Records excerpted from a collection:
————————

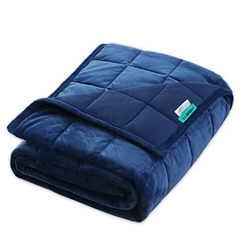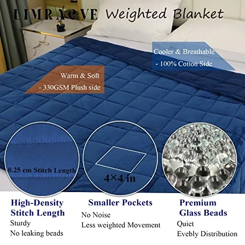 LIMRACVE Weighted Blanket 15 Pounds For Adult, Reversible Weighted Throw Blanket Queen/King Size(60″x80″‘, Heavy Blanket With Premium Glass Beads, Blanket For Sofa Bed, All Season Use, Navy
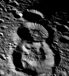 ![]() Кратер Шахразада — в центре. Снимок космической станции «Кассини-Гюйгенс», 9 марта 2005 года | |
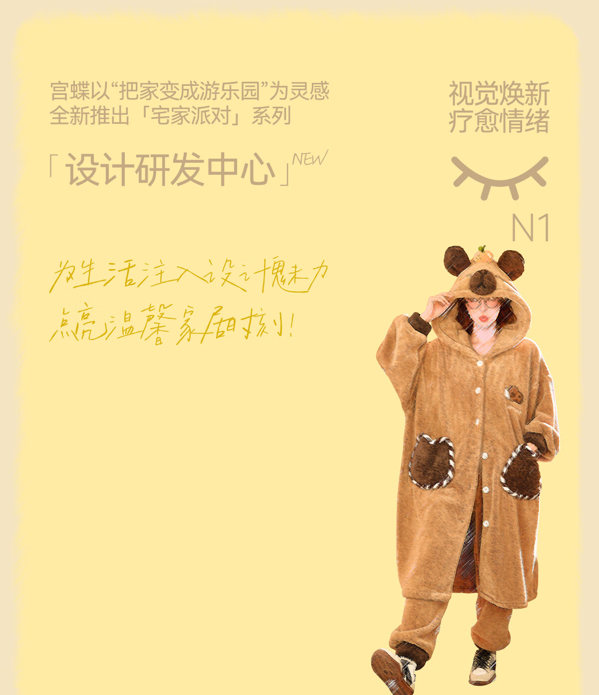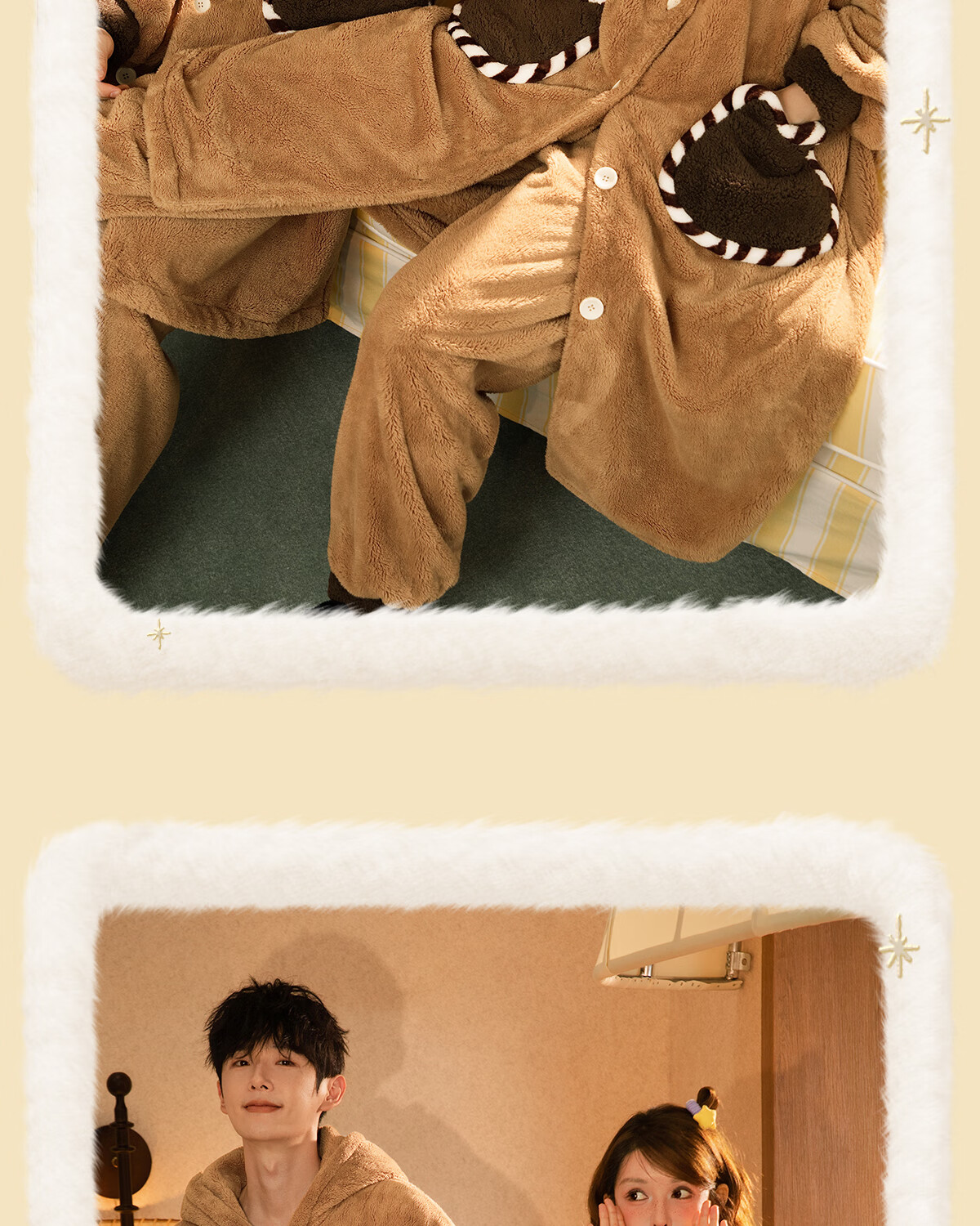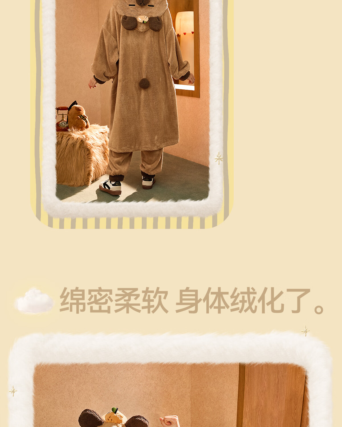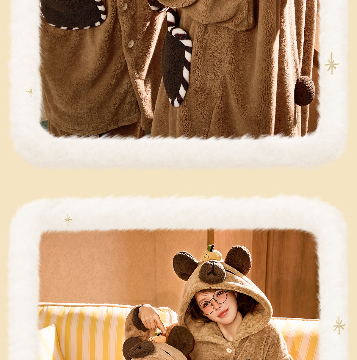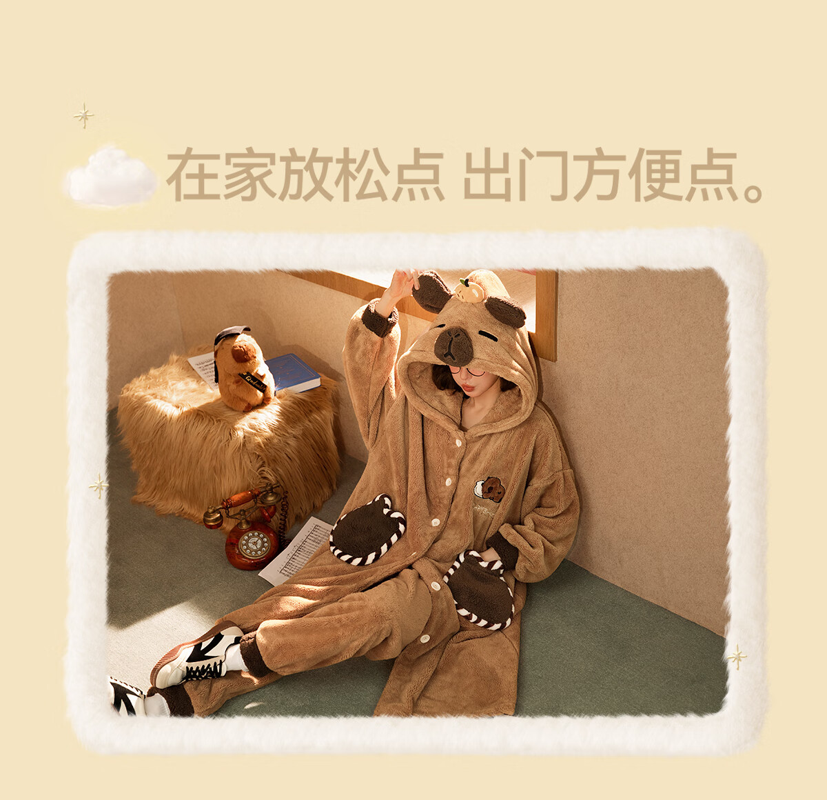 Gongdie Thermal Storage Capibala Autumn and Winter Couple Pajamas Women's Thickened Coral Velvet Cartoon Men's Home Clothes Capibala Pajamas Set Men's 2XL (Recommended 140-160 Jin Jin equals 0.5 kg)
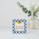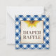 Boy Baby Q baby diaper raffle for baby insert card features a vintage sunflower with a boarder of gingham checkers in shades of blue and weathered paper in a unique miniature size. The reverse is space for diaper raffle poem and name. A country yet charming choice for summer picnic baby showers and barbecues. To see more barbecue shower ideas visit www.zazzle.com/vginvites
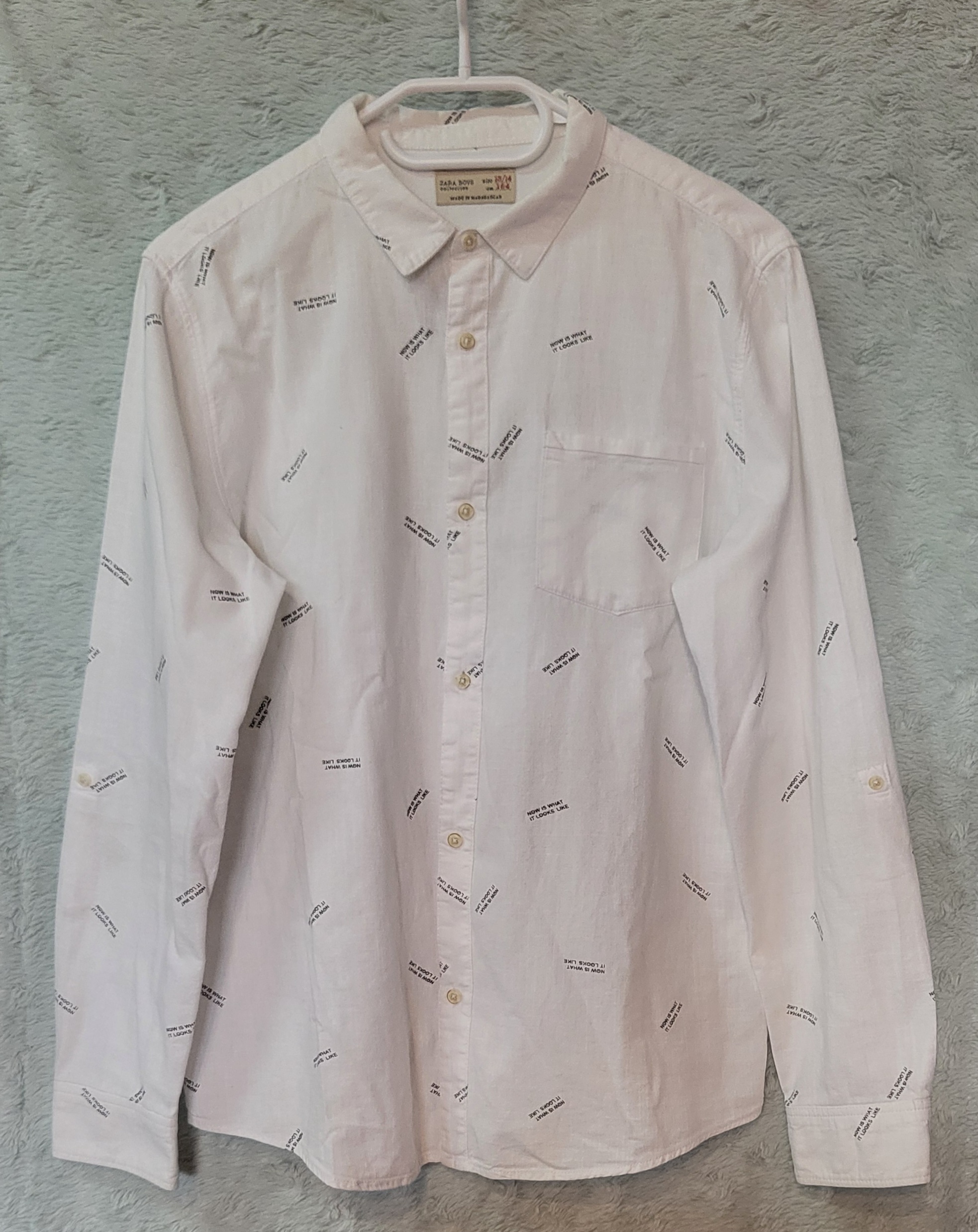 Biała koszula w czarne wzorki

————————

# Task details:
Word for word, restate the records above and drop the pictures.

# Problem solution:
 LIMRACVE Weighted Blanket 15 Pounds For Adult, Reversible Weighted Throw Blanket Queen/King Size(60″x80″‘, Heavy Blanket With Premium Glass Beads, Blanket For Sofa Bed, All Season Use, Navy
 ![]() Кратер Шахразада — в центре. Снимок космической станции «Кассини-Гюйгенс», 9 марта 2005 года | |
 Gongdie Thermal Storage Capibala Autumn and Winter Couple Pajamas Women's Thickened Coral Velvet Cartoon Men's Home Clothes Capibala Pajamas Set Men's 2XL (Recommended 140-160 Jin Jin equals 0.5 kg)
 Boy Baby Q baby diaper raffle for baby insert card features a vintage sunflower with a boarder of gingham checkers in shades of blue and weathered paper in a unique miniature size. The reverse is space for diaper raffle poem and name. A country yet charming choice for summer picnic baby showers and barbecues. To see more barbecue shower ideas visit www.zazzle.com/vginvites
 Biała koszula w czarne wzorki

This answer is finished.